Recent *'break-through'* cities:

1. 2007:   Oklahoma City  1.3 million (NBA - Oklahoma City Thunder)
2. 2000:   Columbus 2.0 million (NHL - Columbus Blue Jackets)
3. 2001:   Memphis  1.3 million  (NBA - Memphis Grizzlies)
4. 1997:   Raleigh-Durham  1.3 million  (NHL - Carolina Hurricanes)  Note:  Greensboro metro area (800,000) just 70 from Raleigh.
5. 1974:   Hartford  1.2 million  (loss NHL Hartford Whalers to Raleigh-Durham)

*Break-through* city:  City acquires their first major professional franchise (MLB, NFL, NBA, NHL).

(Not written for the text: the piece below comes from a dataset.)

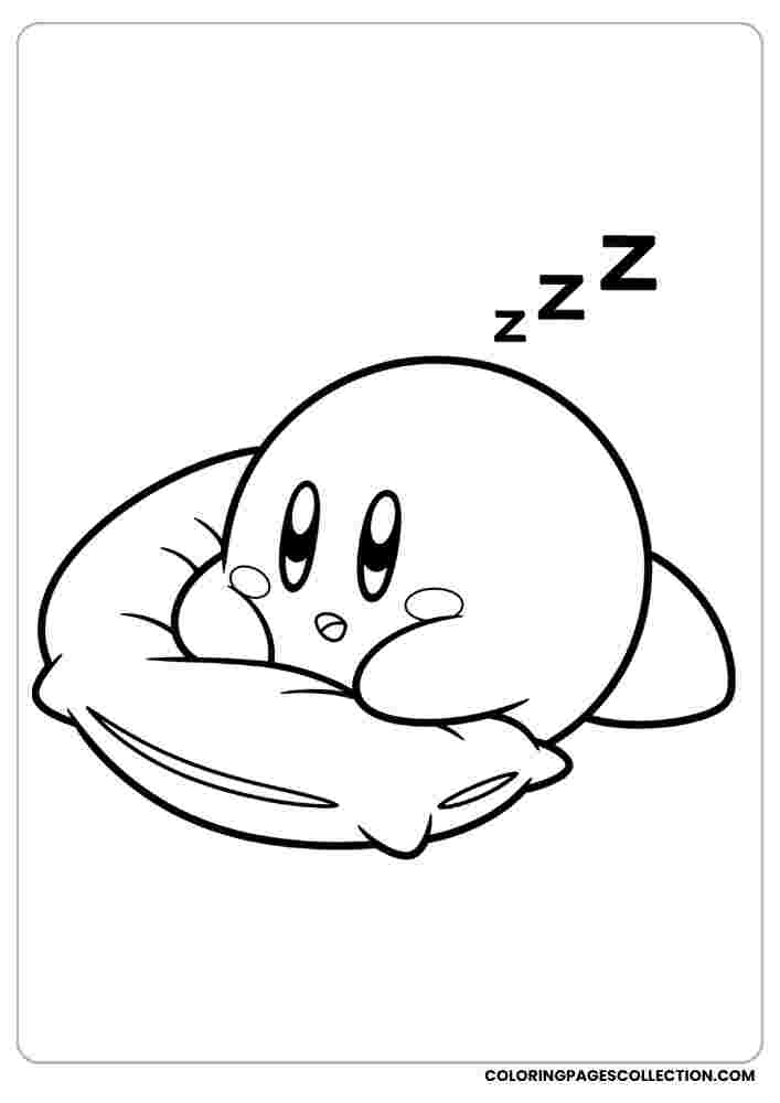 Relax and unwind when taking this intricate Kirby sleeping on pillow color page for life. Flow your creativity independently with every brushstroke or pencil stroke.

*"Oklahoma City looks oh-so pretty... ...as I get my kicks on Route 66." --Nat King Cole.*

----------


## Laramie

Love traded to Cavaliers, joins LeBron




> Now the league's best player has another superstar as a running mate. Add in All-Star point guard Kyrie Irving and James again finds himself the ringleader of a star-studded trio after leaving Chris Bosh and Dwyane Wade behind with the Heat.


Love traded to Cavaliers, joins LeBron | NBA.com

Another three headed monster for the NBA teams to challenge:

LeBron James & the Extremes

Pictured from left to right:  Kevin Love, LeBron James (center) & Kyrie Irving.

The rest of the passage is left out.